Work required =>
Look for the line with "Detail Ukuran M" in the data below, then reproduce word for word that line and every line after it. Leave out all pictures and add nothing.
=== Data block ===
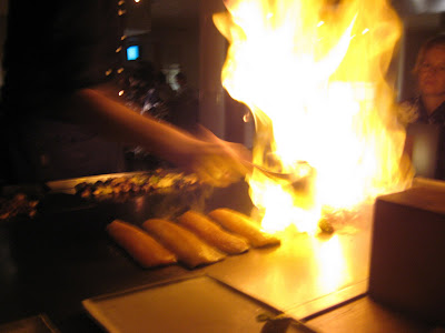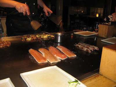 Tiesin etukäteen, että ravintolassa kaikki ovat yukatoihin pukeutuneena, mutta kokemus oli erittäin hauska ja yllättävän erikoinen siitä huolimatta. Tiesin myös, että pääruoan kokki valmistaa silmiemme edessä pöydän yhteydessä olevalla paistolevyllä. Jotenkin ajatus siitä, että illallinen paistetaan silmiemme (ja neniemme) edessä ei tuntunut mitenkään hurjan houkuttelevalta.Jouduin kuitenkin pyörtämään epäileväiset ennakkoajatukseni täysin. Uskomattoman taitava Teppanyaki-kokkimme käsitteli raaka-aineita ja välineitään vangitsevan taidokkaasti. Hänen käsiensä työskentelyn katseleminen aiheutti melkein hypnoottisen olotilan, liikkeet olivat kuin tanssia. Ja samalla hän jutusteli iloisesti hurmaavan nöyrään ja charmikkaaseen tyyliin japanilaisesta ruuasta, kulttuurista ja omasta työstään teppanyaki-kokkina.
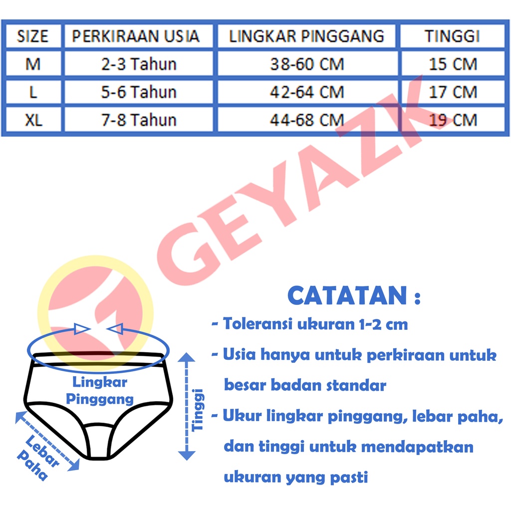 Detail Ukuran M Lingkar Pinggang = 32 Melar Sampai 60cm Tinggi Celana = 19cm L Lingkar Pinggang = 34cm Melar Sampai 62cm Tinggi Celana = 21cm XL Lingkar Pinggang = 42cm Melar Sampai 80cm Tinggi Celana = 22cm
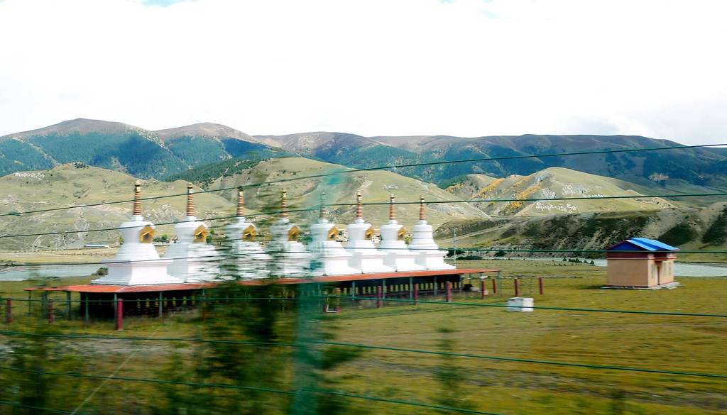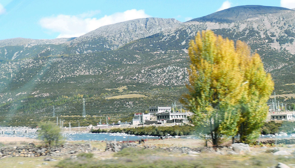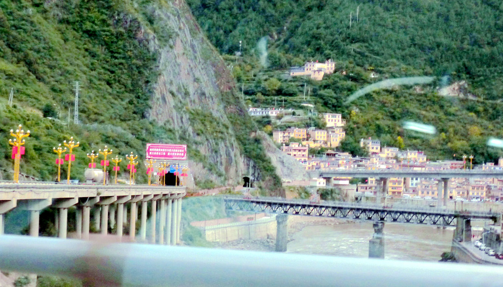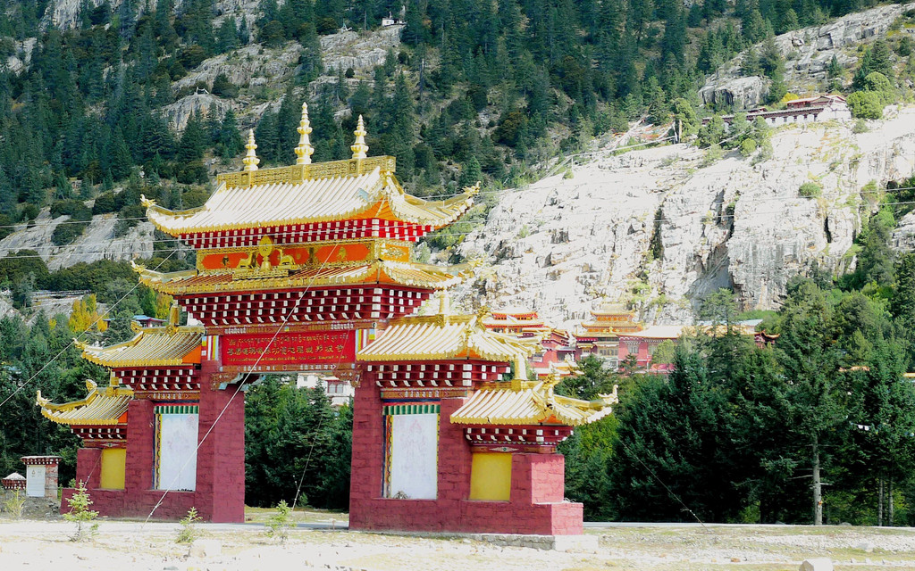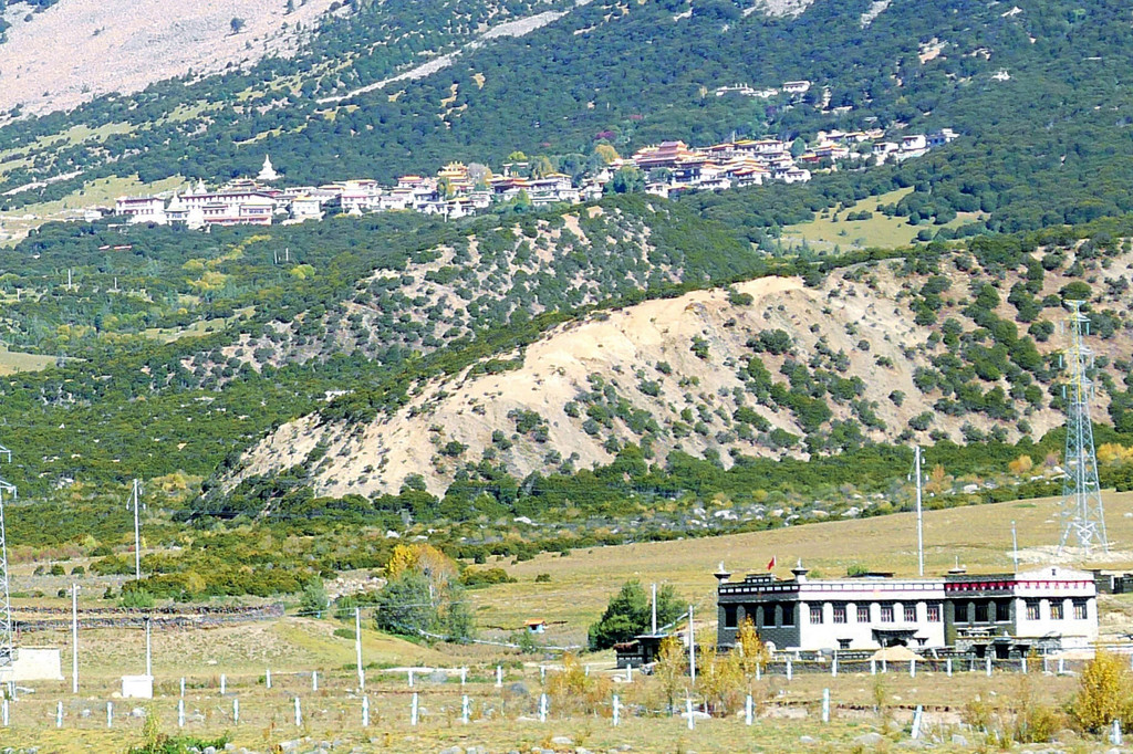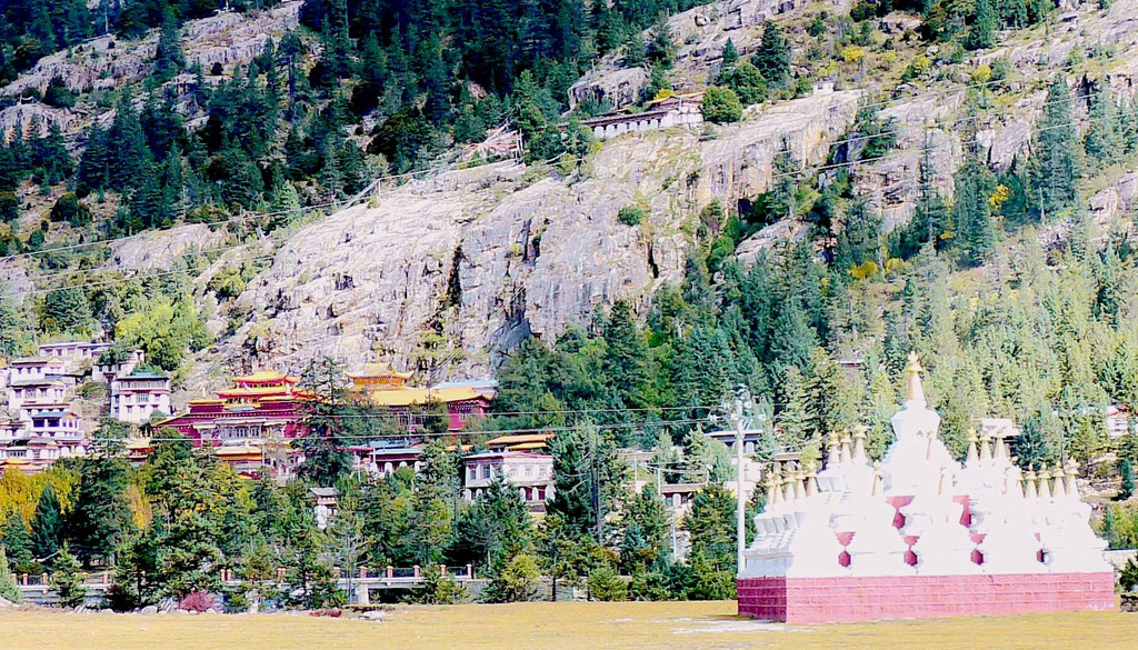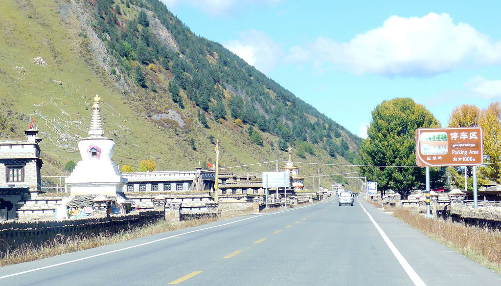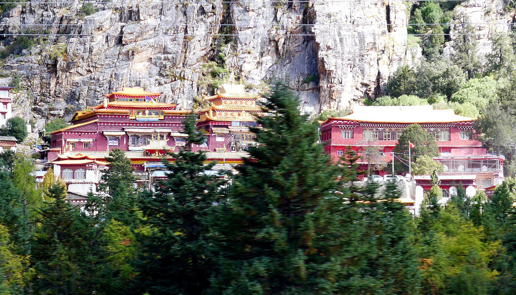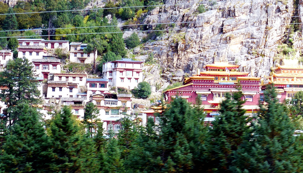 11:10驶经“桑堆镇”,我们没有停车,继续沿国道G227驶往理塘方向。11:13经过尚在建设中的“桑堆河谷观光台”,这里有两座金碧辉煌的寺庙,一座称“奔波寺”,规模较小,位于一面陡壁悬崖的崖顶,另一座规模较大,称“蚌普寺”,建造在悬崖脚下,X.J.对寺庙不感兴趣,我们没有停车,又是直驶而过。
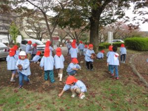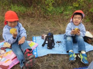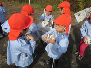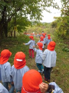 道のような道でないようなところを歩いていくと…「あの…ちょっと怖いんですけど…」という子もいましたが、でも「探検隊だ!」といろんな木の実を見つけたり、大きなクモに驚いたり、ススキを手に勇ましく進んでいく子どもたち。その表情は実に生き生きとしたものがありました。
===
Response below =>
 Detail Ukuran M Lingkar Pinggang = 32 Melar Sampai 60cm Tinggi Celana = 19cm L Lingkar Pinggang = 34cm Melar Sampai 62cm Tinggi Celana = 21cm XL Lingkar Pinggang = 42cm Melar Sampai 80cm Tinggi Celana = 22cm
 11:10驶经“桑堆镇”,我们没有停车,继续沿国道G227驶往理塘方向。11:13经过尚在建设中的“桑堆河谷观光台”,这里有两座金碧辉煌的寺庙,一座称“奔波寺”,规模较小,位于一面陡壁悬崖的崖顶,另一座规模较大,称“蚌普寺”,建造在悬崖脚下,X.J.对寺庙不感兴趣,我们没有停车,又是直驶而过。
 道のような道でないようなところを歩いていくと…「あの…ちょっと怖いんですけど…」という子もいましたが、でも「探検隊だ!」といろんな木の実を見つけたり、大きなクモに驚いたり、ススキを手に勇ましく進んでいく子どもたち。その表情は実に生き生きとしたものがありました。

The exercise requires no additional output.